Sound recordist Ben Osmo spent six months in Namibia miking up trucks, explosions, mad mutterings, and collisions.

By

29 June 2015

How do you mic up 20 tonnes of nitro-powered War Machine?

Good question.

How do we send a guide music track to the flame-throwing guitarist on the back of the Doof Wagon, when he’s ‘fanging it’ across the Namibian wastelands?

Erm… yup, that would be a good question as well.

And we’ll need usable dialogue from eight actors stuffed inside the rusty cabin of a tanker that might be 3km away from your recorders.

Uh huh. Can I get back to you on that one?

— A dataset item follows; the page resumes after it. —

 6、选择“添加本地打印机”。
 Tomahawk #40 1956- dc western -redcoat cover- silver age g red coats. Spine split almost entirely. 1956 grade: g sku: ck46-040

Sound recordist Ben Osmo first started having these head-scratching conversations with Mad Max director George Miller more than 10 years ago. The production was put on hold when the Aussie dollar plummeted. Fast forward to 2013 and the technology began catching up to the vision for the movie. Still, when Ben and his team decamped to the South West coast of Africa for a gruelling six-month desert shoot, there were just as many unknowns as there were knowns.

SCRATCHING PLAN A

Plan A was for Ben to be sitting in the sanitised comfort of an OB-style truck, making tweaks to finely tuned levels coming from DPA lavs on Lectrosonics packs, RF’ed back to base as the production would roll back and forth past him in the desert.

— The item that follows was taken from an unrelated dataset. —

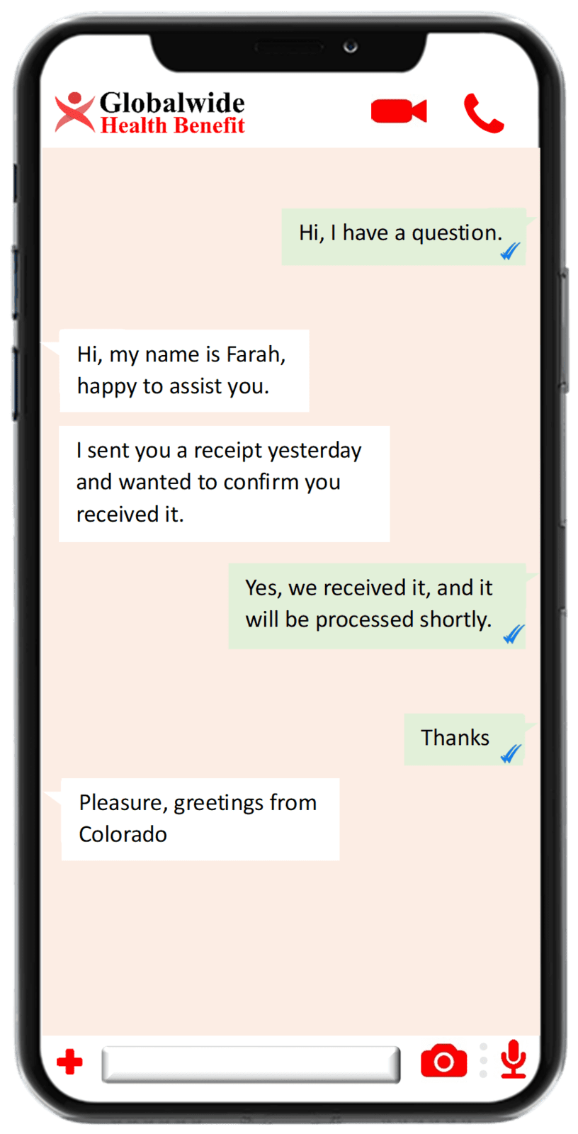 Real-time payment instead of long claim processes. Globalwide Smart Health Card© pays for your medical treatments on the spot in real-time. By paying with your Globalwide Smart Health© Card there are no out-of-pocket payments. No paperwork or long claims processing, no surprises.

Ben Osmo: “In the original brief the vehicles might drive 500 metres to a kilometre away from us. In other words they might travel 1, 2, 3km-max, then stop. We did the first test and our RF setup gave us a good solid range of about 4km… but they kept going! They had this endless flat expanse in front of them so they kept driving and kept shooting, at times they were 7km away!”

Bang. All bets were off. The feet-up, OB swaggin’ wagon wasn’t going to do the trick. Ben needed to get himself closer to the action. What he needed was an audio production pursuit vehicle — if such a thing existed. 

Instead, he got a hard-riding Mitsubishi Delica bongo van. “The boys dubbed it the Osmotron.”

In it Ben piled his Sound Devices 788 field recorders, his treasured Swiss Sonosax desk, his Lectrosonics receivers and more.

Ben Osmo: “Fortunately the 788s record to CF cards and solid-state drives, because hard drives were not going to handle the bumpy ride. I also have CL8 digital interfaces on the 788s with the big rotary knobs. But here’s the thing: when we took off in the Delica for the first time it was so bumpy I simply could not touch a single thing. If I reached out to the CL8 pots I could just as easily have whacked up the gain to 11. There was no hope of making any fine adjustments. It was just a case of setting levels once in anticipation of the action and then hanging on.”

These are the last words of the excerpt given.